Pandemic-Induced Touch Deprivation
After such a long time of being unable to come into close contact with one another, consumers seek tactile products that allow physical contact and stimulation of the senses. As a result, The Innovation Debrief Report explains how companies are delving into the pursuit of sensory strategies that encourage touch, smell, taste, and hearing.
To reconnect consumers through physical touch, the Spanish museum El Prado worked with curators, researchers, and the Puig perfume house to recreate the fragrances of 10 items in Jan Brueghel's "The Sense of Smell" painting. Researchers identified the 80 different plant and flower species seen in the painting, creating the perfect scent for the experience, which visitors can smell through AirParfum technology, which diffuses scents through the use of touchscreen technology.
The Future Laboratory Creative Foresight Analyst Sav Scott comments, "People are seeking emotional and tactile experiences in an attempt to forge meaning and connection with the spaces, people and products around them. Consider how your business or company can use unexpected textures, haptic technologies, color and scent—both offline and online—to stimulate the senses, soothe or inspire."
Climate change is nothing new; with the climate crisis rapidly accelerating, extreme weather events are taking place across the globe, impacting the beauty and health industry more than ever. With research showing pollution and sun exposure causes skin damage and premature aging, businesses are pushing geo-aggressors to the forefront of their product development, curating products that counteract a number of environmental stressors.

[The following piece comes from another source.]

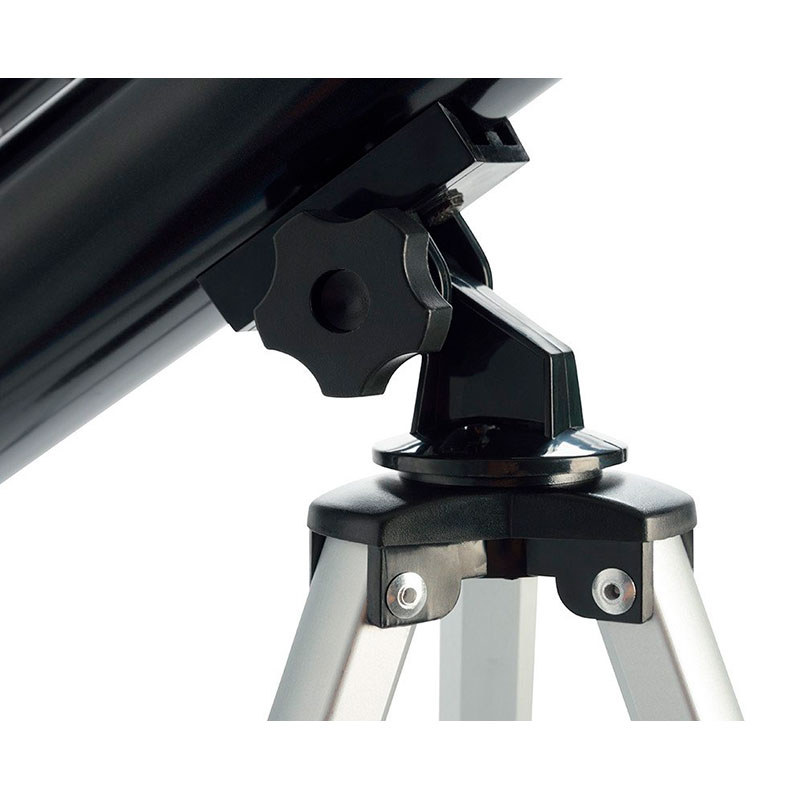 Оптическая труба оснащается компактным искателем с фиксированным пятикратным приближением и входной апертурой 24 миллиметра. Он позволяет быстро позиционировать тубус на выбранном участке неба и эффективно проводить дальнейший обзор объектов. Телескоп управляется простой азимутальной монтировкой с двумя степенями свободы, надежно удерживается на ровных горизонтальных поверхностях алюминиевой треногой.

Several brands are paving the way for more environmentally conscious products and consumption. The Academy of Scientific and Innovative Research (AcSIR), led by a research team in India, has discovered a means to produce a liquid solution that protects skin cells from frostbite. According to the scientific evidence, seasonal exposure to cold temperatures can provoke cell death in the exposed area due to the formation of ice crystals, which ultimately results in burn injury and reduced functionality. To prevent this, researchers are pioneering a topical cream named SynAFP that helps prevent frostbite by stopping ice crystals from forming within cells. Topical skincare treatments that enhance defense mechanisms are becoming increasingly popular within the beauty industry, showing skincare brands are set to continue merging physical appearance products with long-term wellness strategies.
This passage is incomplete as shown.